Ready PDF and get only the specific value between double quotes

I have a pdf document and I should read the file and get the only data between double-quotes.
it would be great if you help me.

@Gowtham_Srinivasan - Please share some sample text…

you can use Read pdf to text activity and after that either Regex or string Manipulation method extract the text you are looking for.

Hi @Gowtham_Srinivasan
can u share the sample pdf for getting for more info?

Thank You @prasath17 @NIVED_NAMBIAR for your reply.
Test.pdf (16.8 KB)
You can take this pdf as a test.
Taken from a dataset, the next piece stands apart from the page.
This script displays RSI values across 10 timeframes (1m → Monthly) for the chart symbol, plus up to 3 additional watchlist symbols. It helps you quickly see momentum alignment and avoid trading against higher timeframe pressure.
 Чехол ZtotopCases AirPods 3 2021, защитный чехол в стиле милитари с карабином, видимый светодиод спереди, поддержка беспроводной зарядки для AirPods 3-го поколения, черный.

My need is to get the text of the sentence between the double-quotes into excel.

It would be great if you can help me with this.
Thank you

@Gowtham_Srinivasan - The results under the column $1 is what you are looking for ??

Yes, @prasath17
You r right

@Gowtham_Srinivasan - Please find the started help here…
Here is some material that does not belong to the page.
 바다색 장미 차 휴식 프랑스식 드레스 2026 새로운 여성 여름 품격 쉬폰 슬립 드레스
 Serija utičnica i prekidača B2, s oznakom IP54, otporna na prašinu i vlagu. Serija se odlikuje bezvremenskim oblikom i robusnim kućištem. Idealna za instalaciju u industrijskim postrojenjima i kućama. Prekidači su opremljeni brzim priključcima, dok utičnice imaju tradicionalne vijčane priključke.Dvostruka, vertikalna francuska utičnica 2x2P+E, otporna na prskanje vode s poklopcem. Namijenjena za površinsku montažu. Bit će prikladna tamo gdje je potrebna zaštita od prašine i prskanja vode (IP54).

Output of Read PDF Text is StrInput

Build Datatable

Regex Matches

Input = StrInput

Pattern = "“(.*?)”"

Assign Activity

 Dt = (From m In IEnRegex.Cast(Of Match)
 Select Dt.Rows.Add(m.Groups(1).toString)).CopyToDataTable

That’s it, write your results to Excel.


Hope this helps…

Thank you so much @prasath17
I got a doubt
IEnRegex Should be is what variable type

Thank you,

@Gowtham_Srinivasan - hit ctrl + k and create a variable it will get created automatically with right variable type.

Its IEnumerable…

Did you actually created the workflow and tested it ?

Thank You @prasath17
Got it

Learning and Doing it @prasath17
and @prasath17 Getting this error

Thank You so Much

Dt is DataTable which is your output of build datatable activity.

thank you @prasath17
Got it

@Gowtham_Srinivasan - build datatable activity is missing in your workflow.

it did not come with the screen Shot @prasath17
but did it gone to run the program

@Gowtham_Srinivasan - its there is my workflow.please double check…

5 activities in total.


1 Like

got an other error while running the program

@Gowtham_Srinivasan - (57.5 KB)

1 Like

I got to get one more problem.
if the text between the double quotes are split into two lines then i am not getting the output.
it is omitting the the double quote itself and taking the next double quotes which is in the properly lined in the same line

Thank You